The verification process of the factory class in the second way is the same as that in the first way:

Stopped all uaa – service provider, and then in the demo – provider swagger – UI interface to access the REST interface/API/call/uaa/user/detail/v2, The internal code of the REST interface initiates Feign RPC remote calls to the REST interface/API /user/detail/v1 of the target UAA-Provider through UserClient. However, all services of the UAA-Provider are down. So Feign will trigger the Hystrix back, perform fallback back processing factory class UserClientFallbackFactory create methods to create a fallback processing class instance, and perform the back processing of the back of the class instance processing logic, return back processing results.
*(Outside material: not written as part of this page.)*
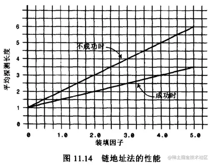 - 平均探测长度以及平均存取时间,取决于填装因子,*随着填装因子变大,探测长度会越来越长。

What is the difference between a fallback class using the first approach and a fallback factory class using the second approach when doing a failure fallback?

The answer is: When using the first fallback class, exceptions raised during remote RPC calls are completely masked by fallback logic. It is not easy for the application to intervene, nor can it see the specific exceptions in the RPC process, although these exceptions can be very helpful in troubleshooting the problem. When using the second fallback factory class, an application can intercept and handle RPC exceptions through Java code, including logging.

Avalanche of problems for distributed systems

In distributed systems, a service may depend on many other services, and these services will inevitably fail. If an application runs 30 Provider instances, each instance will be in service 99.99% of the time. Even with a failure rate of 0.01%, there will still be several hours of unavailability each month. In addition, there is a big problem: when the traffic peaks, the service may be dependent on other services. If this Provider instance responds late, it can lead to multiple levels of association failures with other providers, which can render the distributed system unusable.

To take a simple example, in a seckill system, Goodprovider, Order-Provider, and Seckill-Provider are all remotely invoked to the interfaces of user accounts and authentication (UAA-Provider) through RPC to query user information. See Figure 2-18.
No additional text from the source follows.